Recreate the listing that follows line for line, without pictures.

-- Collected material --
- Opening Delimiter -

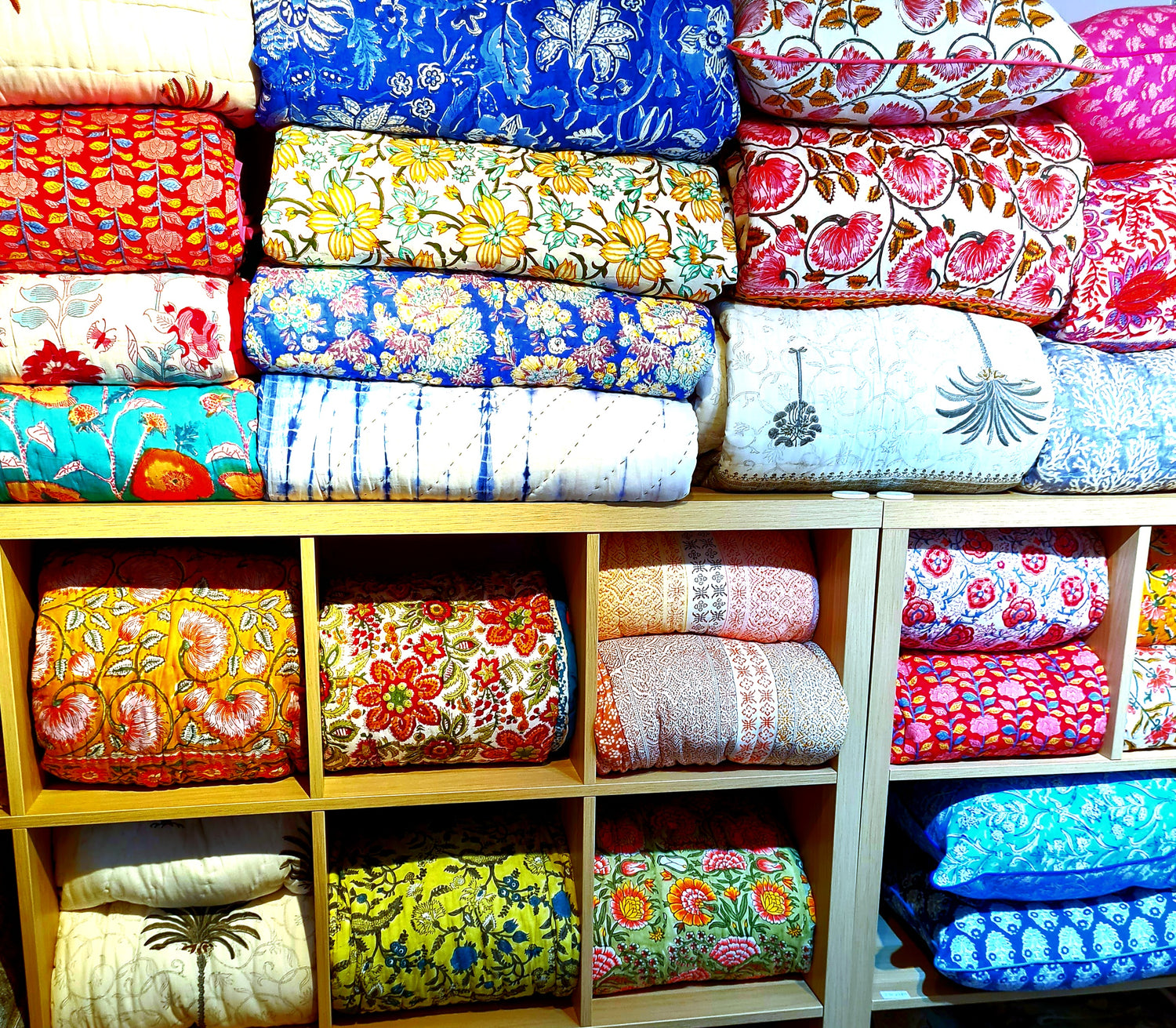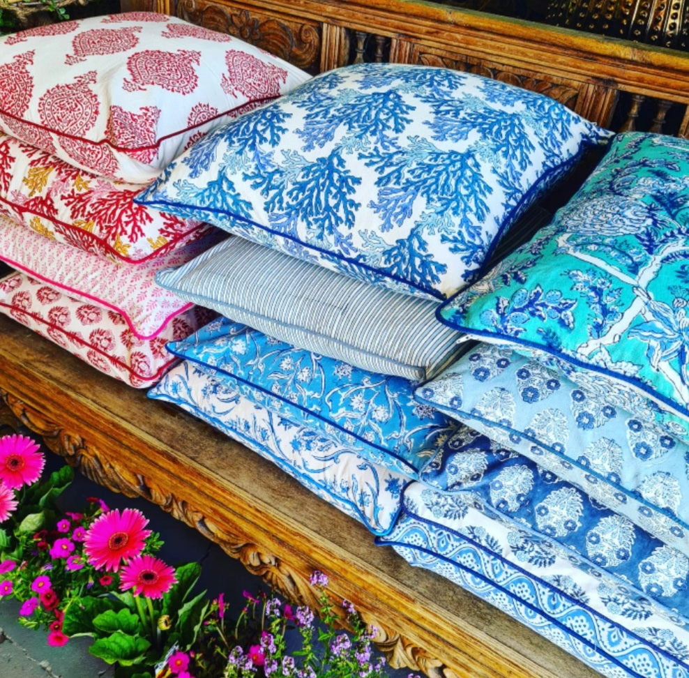 A colourful array of blockprinted cushion covers to add a pop of...
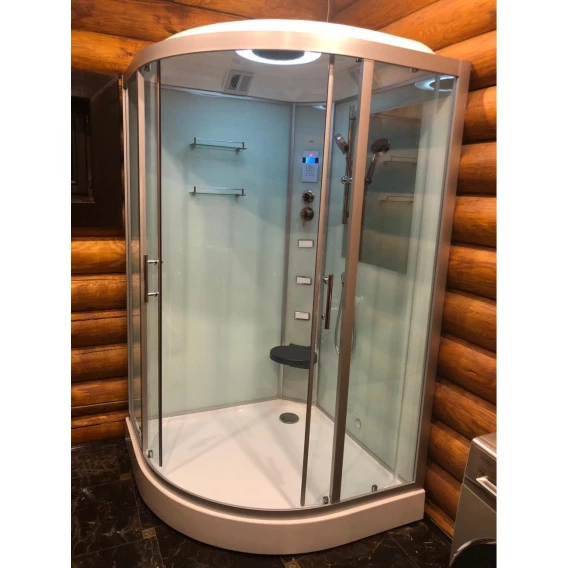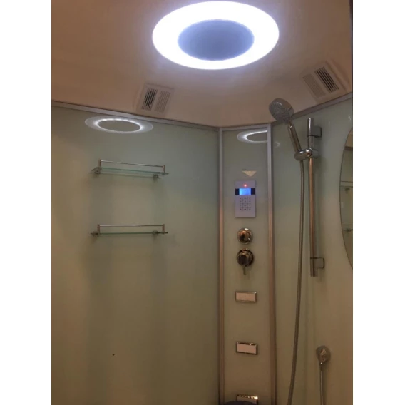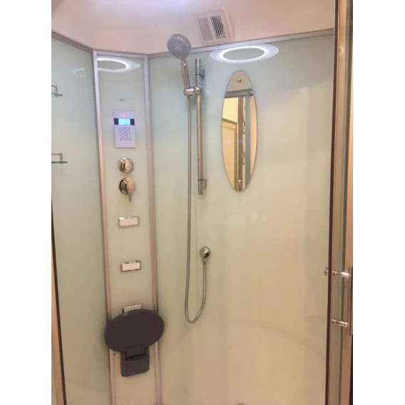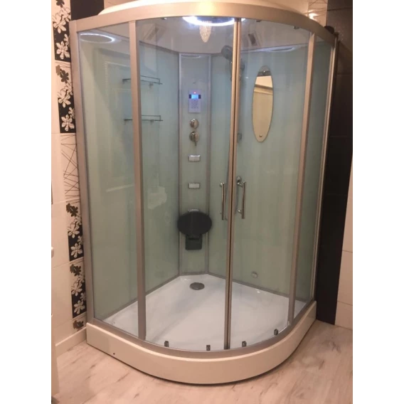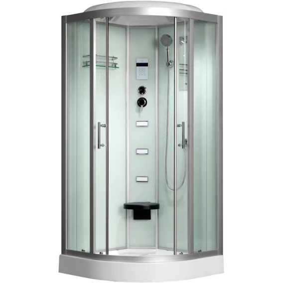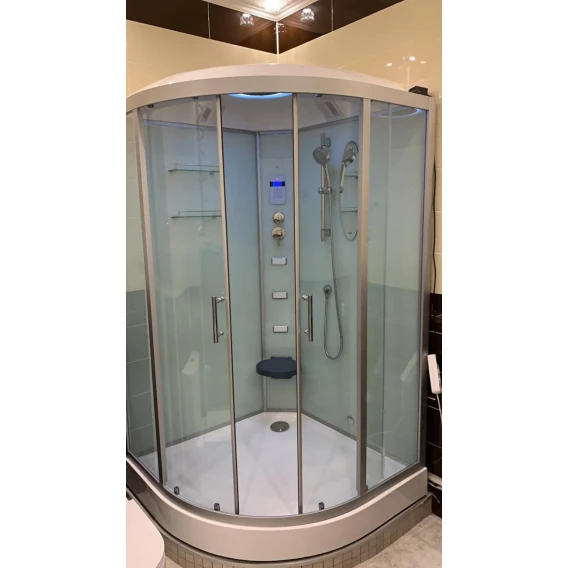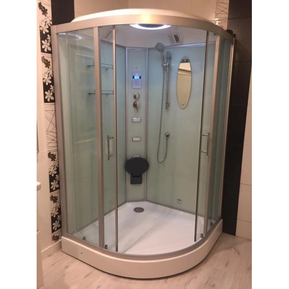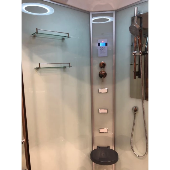 Душевой шланг, Душевая лейка, Держатель для душевой лейки, Подключение для душевого шланга, Полочка, Ручки, Подсветка, Верхний душ, Динамик, Металлический каркас, Поддон, Сиденье, Радио, Смеситель, Сифон, Ножки
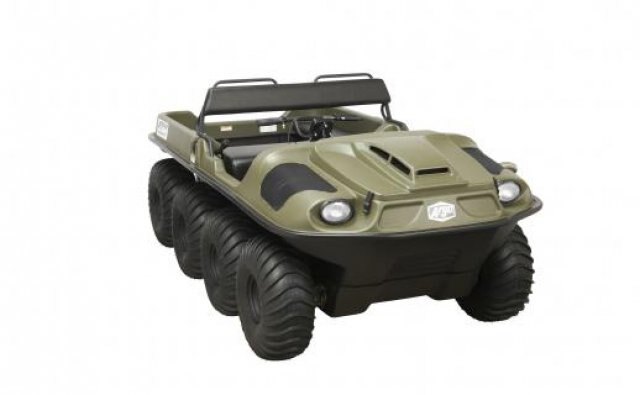 This 8-wheel drive amphibious off-road vehicle is powered by a 4 stroke OHV V-Twin air cooled 747cc, 23 hp (17 kW) Kohler Command Pro engine with electronic fuel injection. It has a load capacity of up to 1000 lb. / 454 kg on land or 900 lb. / 408 kg on water, can transport 6 passengers on land, 4 on water and features a towing capacity of 1,400 lb. / 635 kg

- Closing Delimiter -

-- Task result --
 A colourful array of blockprinted cushion covers to add a pop of...
 Душевой шланг, Душевая лейка, Держатель для душевой лейки, Подключение для душевого шланга, Полочка, Ручки, Подсветка, Верхний душ, Динамик, Металлический каркас, Поддон, Сиденье, Радио, Смеситель, Сифон, Ножки
 This 8-wheel drive amphibious off-road vehicle is powered by a 4 stroke OHV V-Twin air cooled 747cc, 23 hp (17 kW) Kohler Command Pro engine with electronic fuel injection. It has a load capacity of up to 1000 lb. / 454 kg on land or 900 lb. / 408 kg on water, can transport 6 passengers on land, 4 on water and features a towing capacity of 1,400 lb. / 635 kg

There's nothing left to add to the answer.